MasksPosted October 27th, 2010
by Janet Perez Eckles
“Yikes! You scared me,” I screamed, feigning fright. “Who’s that?” I glanced down at the little three-foot person wearing a mask with wild green and purple hair. Two little eyes peered out above a huge lumpy nose. Underneath was a mouth with jagged teeth.
A muffled “Trick or treat” wafted from behind the mask.
I dropped hard candy into his plastic orange bucket. “You’re a scary guy,” I assured him. Those are memories of times when my little boys also dressed in strange costumes. They dashed from house to house with their daddy trailing behind while I stayed home greeting the neighborhood trick-or-treaters.
But now, years later, it seems that Halloween masks resemble those I’m sometimes tempted to wear in everyday life. I sometimes use them to cover the real me. I have worn those masks over my heart, almost as ugly as those worn by the trick-or-treaters.
Hiding the Truth
While I was a teenager, hiding the truth seemed necessary to gain peer acceptance. While I was in college, white lies made life easier. Even as an adult, stretching the truth seems convenient—and at times shamefully acceptable. Excuses dilute the impact of what are actually lies. And reasons to omit the truth become the approach to get out of sticky situations.
When people ask me how I lost my sight, I give the routine answer: A disease called Retinitis Pigmentosa deteriorated my retina and caused complete blindness: a simple question followed by a simple answer. But when they ask about how I dealt with the unexpected shock, that’s a different story.

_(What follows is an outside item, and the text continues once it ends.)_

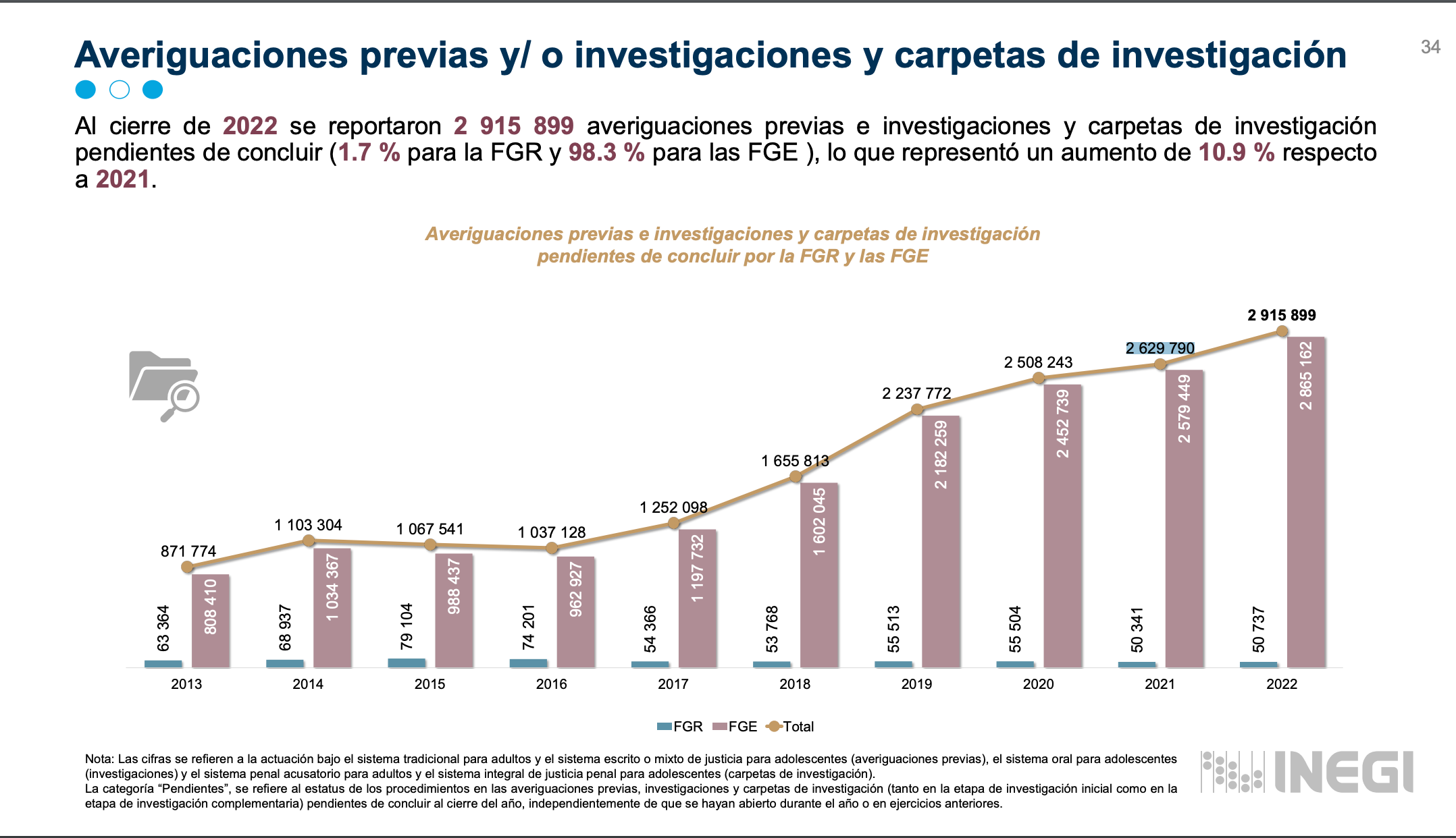 De acuerdo con la encuesta, en el año 2022 se iniciaron 2 millones 165 mil 791 carpetas de investigación y averiguaciones previas (el 3.6 por ciento a la Fiscalía General de la República (FGR) y el 96.4 por ciento a las Fiscalías Generales de los Estados (FGE)). Estas cifras representan un aumento del 5.1 por ciento con respecto a 2021, mientras que en el mismo periodo quedaron sin concluir 2 millones 629 mil 790 carpetas.

With a mask firmly placed to cover my heart, I have blurted out a bland answer: “It was tough at first, but in time I adjusted.” Underneath that mask, however, lies a whole different script with the real answers: I wanted to die. I hated my life. I wanted to give up. I wondered if my little boys would survive with a mommy who couldn’t see. I questioned my sense of worth and my productivity. I dreaded my future and lamented my broken dreams. And until I found Jesus, I questioned life itself.
But the courage to remove the mask depends on the rest of what we are wearing. Paul recommends in Ephesians 6 that we wear the armor of God. As he describes the various components of the armor, Paul writes this: “Stand firm then, with the belt of truth buckled around your waist” (Ephesians 6:14, NIV).

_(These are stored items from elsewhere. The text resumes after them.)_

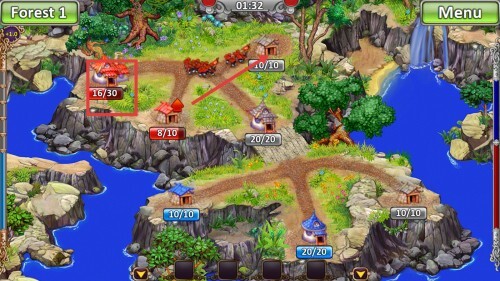 2、进入【Forest-1】关卡后,关注各建筑的进度数值,如【12/30】等,规划资源分配与建筑升级。
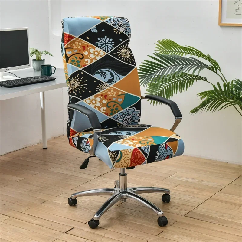 1pc Elastic Office Chair Cover Geometry Stretch Gaming Seat Slipcover Washable Non Slip Office Rotating Computer Chair Covers
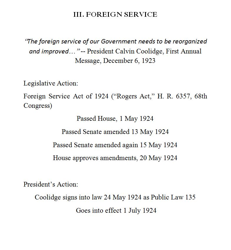 Next is President Coolidge’s proposal to reorganize and improve the Foreign Service:

Only when we buckle on this belt of truth, will we be able to remove the mask. And, what sweet freedom it is to exchange the mask for the belt. We tighten it, lift our head high, and take firm steps based on God’s Word. We can formulate thoughts that are sincere, entertain emotions founded on truthfulness, and take action to reflect our new attitude of honesty. No pretense. No deletions. No embellishments. When the mask is off, the breathing is easier, the air fresher and the view clearer.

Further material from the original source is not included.